Work required:
The listing below must be repeated word for word, without its pictures.

Information provided:

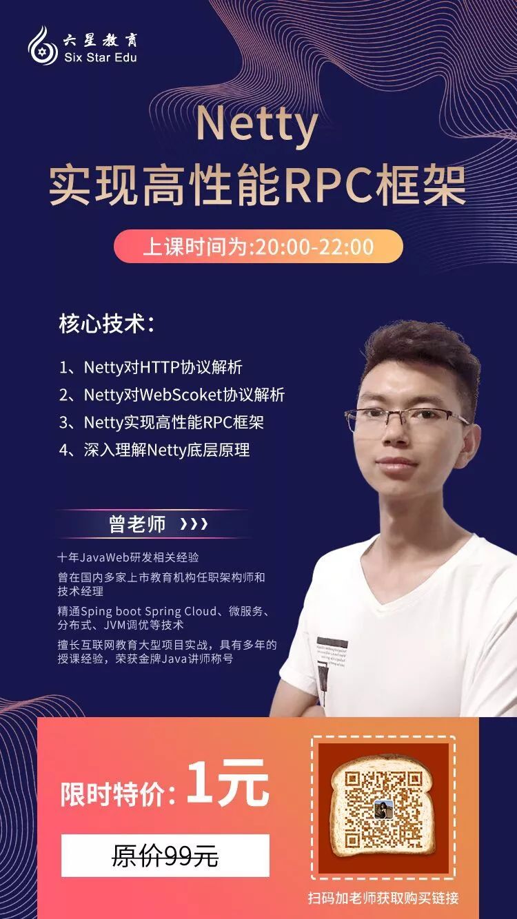 小编给大家 推荐 腾讯课堂联合六星教育 的一个 1块钱 课程 《Netty实现高性能RPC框架》 ,看它到底是怎么样来实现我们常说常说的诸如服务器框架、网络编程、对HTTP、WebScoket协议解析、实现高性能RPC框架的开发精髓。
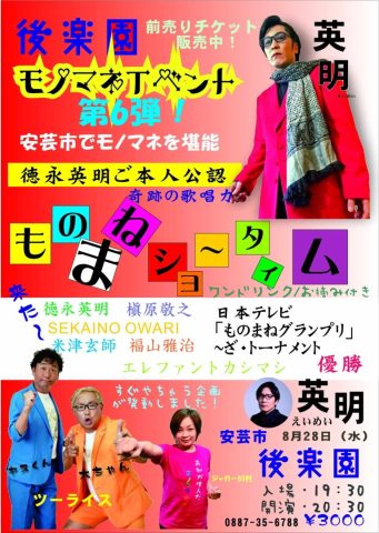 HOME > 新着情報 > イベント情報 > 8月28日安芸市『後楽園モノマネイベント第6弾』 8月28日安芸市『後楽園モノマネイベント第6弾』 久しぶりの安芸市『後楽園』でのイベント‼︎ 今回は「英明」さんがやって来ます!!!! みなさん安芸市でお待ちしています。
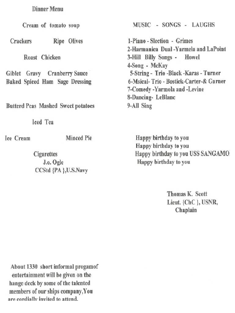 30k | First Anniversary Menu, August 25th, 1943. Sangamon was en route to Mare Island Naval Base in California after duty in the South Pacific. Submitted by Hank Millan. |

Response to this exercise:
 小编给大家 推荐 腾讯课堂联合六星教育 的一个 1块钱 课程 《Netty实现高性能RPC框架》 ,看它到底是怎么样来实现我们常说常说的诸如服务器框架、网络编程、对HTTP、WebScoket协议解析、实现高性能RPC框架的开发精髓。
 HOME > 新着情報 > イベント情報 > 8月28日安芸市『後楽園モノマネイベント第6弾』 8月28日安芸市『後楽園モノマネイベント第6弾』 久しぶりの安芸市『後楽園』でのイベント‼︎ 今回は「英明」さんがやって来ます!!!! みなさん安芸市でお待ちしています。
 30k | First Anniversary Menu, August 25th, 1943. Sangamon was en route to Mare Island Naval Base in California after duty in the South Pacific. Submitted by Hank Millan. |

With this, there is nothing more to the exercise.